Eye-Opener: New lows, political risks, ugly US data

Oil prices finally rebounded around USD 3 yesterday, but it would be too soon to call for prices bottoming out, and prices have been sliding lower again overnight. The plunge in copper prices continued (prices down by more than 5%), while volatility was huge. More oil projects were put on hold yesterday due to plunging prices. The German 10-year yield sank to new lows, while EUR/USD hit fresh 9-year lows. Equity prices tumbled on both sides of the Atlantic (Stoxx 600 down by 1.48%, S&P 500 by 0.58%), which marked the fourth consecutive day of losses for US equities.

For those ECB policymakers willing to do “whatever it takes”, yesterday’s legal opinion from the EU Court of Justice could hardly have been better. The Advocate General said the ECB’s OMT measures “in principle” are in line with EU law and gave the central bank large room for discretion. The Advocate General’s opinion is not binding, but the judges usually follow it.

ECB chief Mario Draghi gave some of his most direct comments to date that the bank is ready to buy government bonds. The ECB’s governing council is united in its determination to achieve the bank’s mandate of keeping inflation just below 2%, Draghi said.

US retail sales saw an unexpected broad-based decline in December, which might prompt a modest downward revision to our 3.2% forecast for Q4 GDP growth. Total retail sales dropped 0.9% m/m, only in part due to lower energy prices. Sales excluding autos, gasoline and building materials fell 0.4% m/m after a solid 0.6% increase in November. However, with solid improvements in real wage income and confidence we expect the weakness to be short-lived.

Catalonia will hold early regional elections on 27 September, where pro-independence parties will try to bolster their case for secession. With Spanish national parliamentary elections following soon after the Catalan vote, there will be considerable political uncertainty in Spain towards the end of this year.
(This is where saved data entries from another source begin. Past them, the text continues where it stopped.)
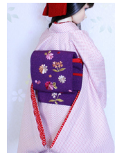
お太鼓野菊SD~16SD・DD 共通ob-0239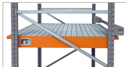
Einhängewanne für Trägerlänge 1800 mm.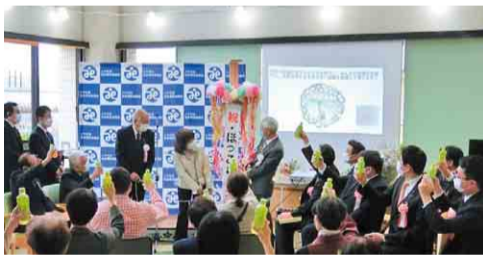
▶オープニングセレモニーも開催されました

ほっこりはみんなの居場所として、相談の場として、地域の人や団体をつなげ、地域課題の解決に取り組んでいきます。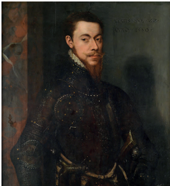
Fig. 4. Günther XLI (1529-83) kaldet "der Streitbare" var en velanset lejetropsfører.

Olie på træ 1556 af Antonis Mor (?). Schlossmuseum Sondershausen, Inv.-Nr. KB 184.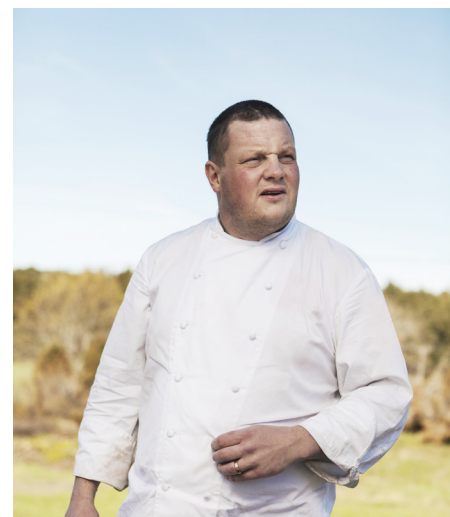
Mikael Björklund.

In an interview with the Financial Times, Finnish Prime Minister Stubb commented Finland would remain tough in negotiations with Greece, and give a resounding no forgiving the loans. The FT story continues, citing officials involved in the discussions, that Finnish objections were the main reason the Greek programme was extended by only two months, while most Euro-area countries were in favour of a 6-month extension. Elections are ahead also in Finland in April, which will mean that the Finnish government faces pressures to continue to take a hard line in any negotiations with Greece. The looming programme negotiations, when Greece is eventually able to form a government in the coming months, will be very hard, while even the risk of a Greek Euro-area exit has not vanished.

Fed’s Plosser, a well-known hawk, said that because the economy has returned to a more normal footing, monetary policy should follow suit.

The Polish central bank kept rates unchanged as widely expected. The Reserve Bank of India, in turn, surprised with a 25 bp rate cut to 7.75% in an unscheduled meeting this morning. Slowing inflation would leave the central bank more room to cut rates.

Day ahead

Today’s calendar includes US producer prices (PPI), two regional manufacturing surveys and the weekly jobless claims data. In addition,Poland publishes CPI data.

The Philly Fed index is expected to see a further decline in January to still solid levels, while the Empire State index should rebound after an unexpected drop to negative territory in December.

US headline PPI inflation is expected to drop due to the impact of lower energy prices, while the core rate should be roughly unchanged slightly below 2% y/y. The PPI data will help shape expectations ahead of tomorrow’s much more important CPI report.

US initial jobless claims are expected to remain below 300k, a level consistent with non-farm payrolls growth well above the 200k mark

Rates

Bond rally continues unabated. The German 10-year yield plummeted to new lows at 0.42%. The bond market momentum certainly continues to be strong, but a rebound following the ECB’s message next week looks likely. At least a small technical rebound will take place, as the new 10-year benchmark is trading at around 6 bp higher yield compared to the old one.

Intra-Euro-area spreads mostly narrowed further. Especially semi-core spreads look very low already, and are likely to rebound higher on the back of profit-taking around the ECB’s announcement.

The performance in the US was also impressive, as bonds rallied hard following disappointing US retail sales, though yields rebounded from their intraday lows later. The 10-year yield plummeted below the October intraday lows to levels last seen in the first half of 2013. The taper tantrum has now been fully reversed. The 30-year bond yield briefly traded below 2.40%, below the 2012 lows and the lowest on record!

The 5-year inflation expectation 5 years forward fell below 1.50% in the Euro area for the first time.

Heavy bond issuance will continue today with Spanish auctions, while Italy will sell a new 30-year EUR benchmark via syndication.

FX

The USD saw a somewhat volatile session yesterday, strengthening to a 9-year high against the EUR before weakening on the back of a surprisingly lackluster retail sales report. The EUR could see some temporary support after an ECB QE announcement next week, but the USD is likely to remain the cleanest shirt in the G10 FX laundry.

Despite soft comments from Riksbank Governor Ingves yesterday, the SEK remained fairly steady. While the SEK is still fairly cheap, there is a distinct risk that the Riksbank could be forced into unconventional territory. This is likely to hold the SEK back for now.

The NOK strengthened yesterday, arguably helped by the fact that oil prices stopped falling – at least for now. Markets remain illiquid, leading to larger moves than what’s fundamentally motivated. Oil price trends remain crucial.